■ **What the task requires**
Every entry must be given again exactly as it is written.

══ Dataset records ══

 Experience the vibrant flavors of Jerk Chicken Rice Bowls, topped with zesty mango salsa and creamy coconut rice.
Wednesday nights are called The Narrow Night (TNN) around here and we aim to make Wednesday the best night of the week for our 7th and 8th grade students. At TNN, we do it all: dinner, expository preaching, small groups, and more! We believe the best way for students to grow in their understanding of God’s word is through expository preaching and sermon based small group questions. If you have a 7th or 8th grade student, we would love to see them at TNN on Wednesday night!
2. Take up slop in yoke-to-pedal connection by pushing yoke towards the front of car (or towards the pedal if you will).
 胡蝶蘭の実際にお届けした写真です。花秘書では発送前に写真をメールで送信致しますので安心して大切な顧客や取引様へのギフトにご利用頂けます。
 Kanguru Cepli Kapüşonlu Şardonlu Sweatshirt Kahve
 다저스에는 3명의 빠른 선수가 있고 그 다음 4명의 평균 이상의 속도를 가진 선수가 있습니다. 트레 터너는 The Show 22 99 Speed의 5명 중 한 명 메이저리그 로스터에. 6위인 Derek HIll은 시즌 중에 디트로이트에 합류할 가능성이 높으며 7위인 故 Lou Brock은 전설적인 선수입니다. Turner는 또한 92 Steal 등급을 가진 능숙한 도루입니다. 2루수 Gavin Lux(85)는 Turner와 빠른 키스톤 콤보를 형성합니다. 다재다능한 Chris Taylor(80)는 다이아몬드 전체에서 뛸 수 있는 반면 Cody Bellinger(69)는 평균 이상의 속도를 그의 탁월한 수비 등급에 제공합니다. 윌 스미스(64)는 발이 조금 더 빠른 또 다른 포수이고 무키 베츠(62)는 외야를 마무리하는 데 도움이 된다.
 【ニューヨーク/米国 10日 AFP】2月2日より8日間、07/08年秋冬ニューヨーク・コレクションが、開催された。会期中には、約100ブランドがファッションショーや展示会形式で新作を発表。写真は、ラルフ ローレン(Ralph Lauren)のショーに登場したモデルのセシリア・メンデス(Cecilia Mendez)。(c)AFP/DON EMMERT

═══

■ **Exercise result**
 Experience the vibrant flavors of Jerk Chicken Rice Bowls, topped with zesty mango salsa and creamy coconut rice.
Wednesday nights are called The Narrow Night (TNN) around here and we aim to make Wednesday the best night of the week for our 7th and 8th grade students. At TNN, we do it all: dinner, expository preaching, small groups, and more! We believe the best way for students to grow in their understanding of God’s word is through expository preaching and sermon based small group questions. If you have a 7th or 8th grade student, we would love to see them at TNN on Wednesday night!
2. Take up slop in yoke-to-pedal connection by pushing yoke towards the front of car (or towards the pedal if you will).
 胡蝶蘭の実際にお届けした写真です。花秘書では発送前に写真をメールで送信致しますので安心して大切な顧客や取引様へのギフトにご利用頂けます。
 Kanguru Cepli Kapüşonlu Şardonlu Sweatshirt Kahve
 다저스에는 3명의 빠른 선수가 있고 그 다음 4명의 평균 이상의 속도를 가진 선수가 있습니다. 트레 터너는 The Show 22 99 Speed의 5명 중 한 명 메이저리그 로스터에. 6위인 Derek HIll은 시즌 중에 디트로이트에 합류할 가능성이 높으며 7위인 故 Lou Brock은 전설적인 선수입니다. Turner는 또한 92 Steal 등급을 가진 능숙한 도루입니다. 2루수 Gavin Lux(85)는 Turner와 빠른 키스톤 콤보를 형성합니다. 다재다능한 Chris Taylor(80)는 다이아몬드 전체에서 뛸 수 있는 반면 Cody Bellinger(69)는 평균 이상의 속도를 그의 탁월한 수비 등급에 제공합니다. 윌 스미스(64)는 발이 조금 더 빠른 또 다른 포수이고 무키 베츠(62)는 외야를 마무리하는 데 도움이 된다.
 【ニューヨーク/米国 10日 AFP】2月2日より8日間、07/08年秋冬ニューヨーク・コレクションが、開催された。会期中には、約100ブランドがファッションショーや展示会形式で新作を発表。写真は、ラルフ ローレン(Ralph Lauren)のショーに登場したモデルのセシリア・メンデス(Cecilia Mendez)。(c)AFP/DON EMMERT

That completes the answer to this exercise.